Tim Cook confirms Apple Music’s 50 million users, big push into TV and movies

“In a wide-ranging interview, Apple CEO Tim Cook divulged Apple Music subscriber numbers, and said that a strong push into television and movies is underway,” Mike Wuerthele reports for AppleInsider.

“In an appearance on Bloomberg Television on The David Rubenstein Show: Peer-to-Peer Conversations, Cook was forthcoming about paid versus trial Apple Music subscribers,” Wuerthele reports. “He said that in total, the service has more than 50 million users between paid members and trials, in contrast to the 40 million paid subscribers the company declared in April.”

“Looking at Apple’s growth numbers, the company appears to be posting about 4 million conversions a month to a paid subscription[s],” Wuerthele reports. “While the push into content isn’t a secret, the interview was the first time that Cook directly addressed the effort. ‘We are very interested in the content business. We will be playing in a way that is consistent with our brand,’ Cook told Bloomberg. ‘We’re not ready to give any details on it yet. But it’s clearly an area of interest.'”

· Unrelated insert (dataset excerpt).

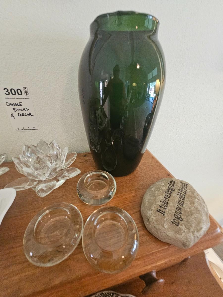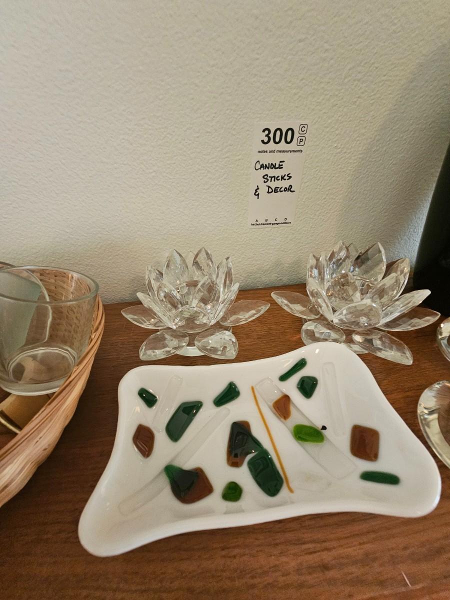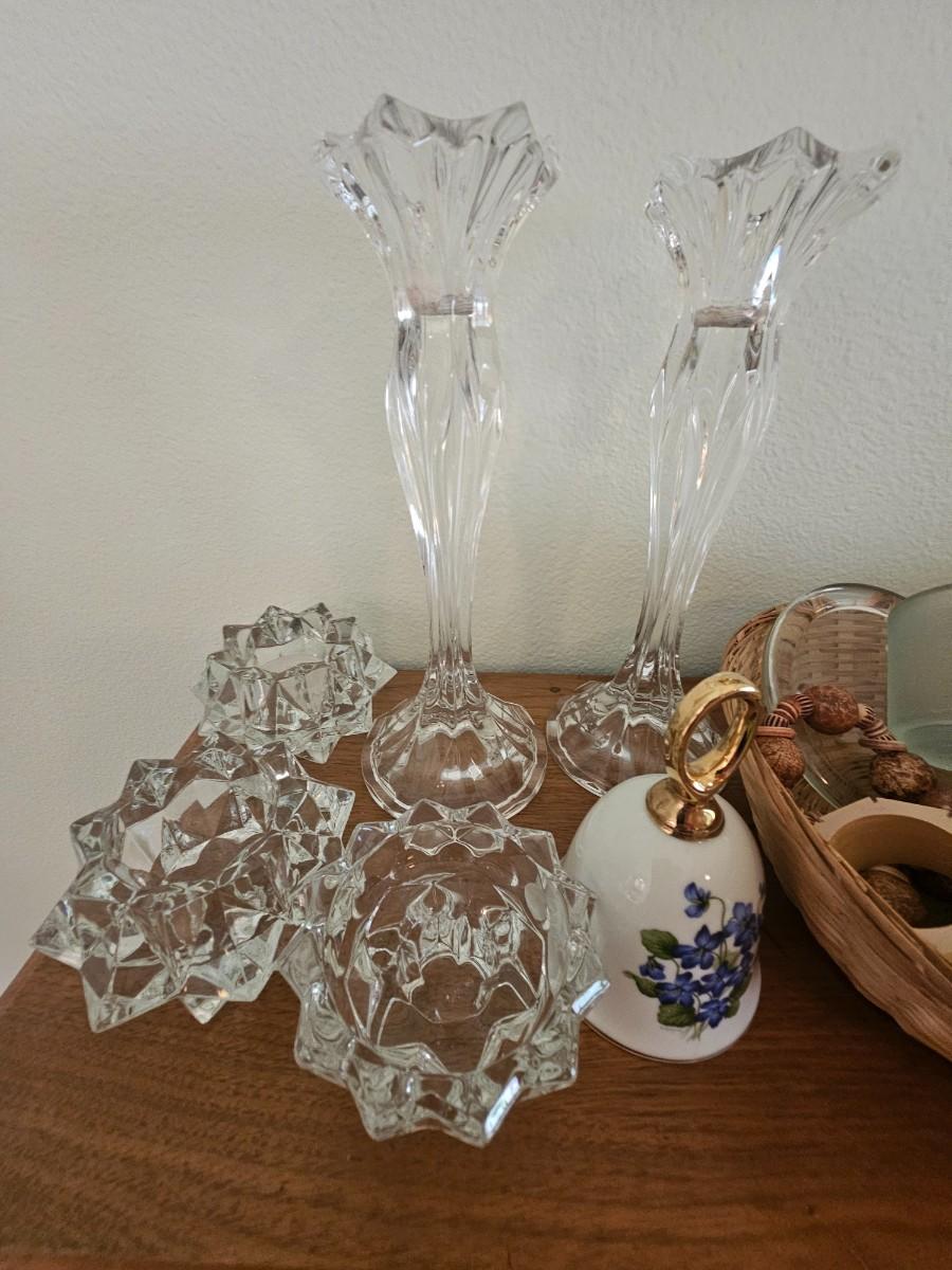 Crystal candlesticks, glass candlesticks, assorted napkin rings, assorted glass pieces and wisdom rock.

Read more in the full article here.

MacDailyNews Take: Inexorably, Apple Music proceeds to No.1, relegating Spotify to also-ran status.

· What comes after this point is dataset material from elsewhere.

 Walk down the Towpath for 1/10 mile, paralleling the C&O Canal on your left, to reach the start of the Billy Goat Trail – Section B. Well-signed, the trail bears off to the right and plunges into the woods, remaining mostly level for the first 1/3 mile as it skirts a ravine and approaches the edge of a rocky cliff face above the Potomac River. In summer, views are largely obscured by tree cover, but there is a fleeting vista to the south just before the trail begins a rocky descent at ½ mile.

Let’s wait to see where Spotify is in 36 months, shall we?MacDailyNews, April 18, 2018

SEE ALSO:
Analyst: Apple Music will average 40% annual growth over the next three years – April 18, 2018
Apple Music hits 40 million paid subscribers milestone – April 4, 2018
Apple Music hits 38 million paid subscribers – March 12, 2018
Apple Music expands student membership pricing to 82 new countries – February 13, 2018
Apple Music poised to knock off Spotify – February 12, 2018
Apple Music was always going to win – February 6, 2018
Apple Music on track to overtake Spotify, become No. 1 streaming service in U.S. this summer – February 4, 2018
Apple Music and Spotify now account for the majority of music consumption in the UK – January 3, 2018
Spotify files for its IPO – January 3, 2018
Spotify hit with $1.6 billion lawsuit from music publisher – January 2, 2018
Apple Music passes Pandora and Spotify in mobile usage – March 29, 2017
Spotify hits 50 million paid subscribers – March 3, 2017
Apple Music surpasses 20 million paid members 17 months after launch – December 6, 2016
Oh ok, Spotify listeners are upgrading to Apple Music – July 19, 2015
Spotify CEO claims to be ‘ok’ with Apple Music – June 9, 2015

10 Comments

  1. Nothing wrong with organic ambition, however Apple needs to fix and polish its basics which is hardware and software first. Doing movies and credit cards can come later

    1. Maybe it’s the leadership that can’t handle working on two projects at once? There has to be some way to explain Apple’s incompetence when it comes to updating their hardware.

  2. Have you noticed how chatty Tim Cook is about future plans and how wordy he is? By this method, he’s communicating with investors and tamping down any possible positive surprises, hence excitement and delight, about the company. So he’s projecting himself into media as if he were a typical droning CEO of a dour corporation.

  3. Maybe they should fix iTunes first. Give us a separate Mac OS App for Apple Music and podcasts, slim iTunes down from the bloatware they’ve created. An Apple Music app for IOS similar to Spotify.

  4. Apple Music as a replacement for iTunes is an abject failure.

    At the time Apple pissed away almost $3 Billion on Beats- maker of shiteous headphones and a me too rental music service- iTunes had well over 800 Million accounts. To have only converted 50 million accounts after years of giving away a trial to anyone with a pulse is an embarrassment, at minimum. Calling it a successs is putting lipstick on a pig as less than 10% of people with an iTunes account see it as worthwhile.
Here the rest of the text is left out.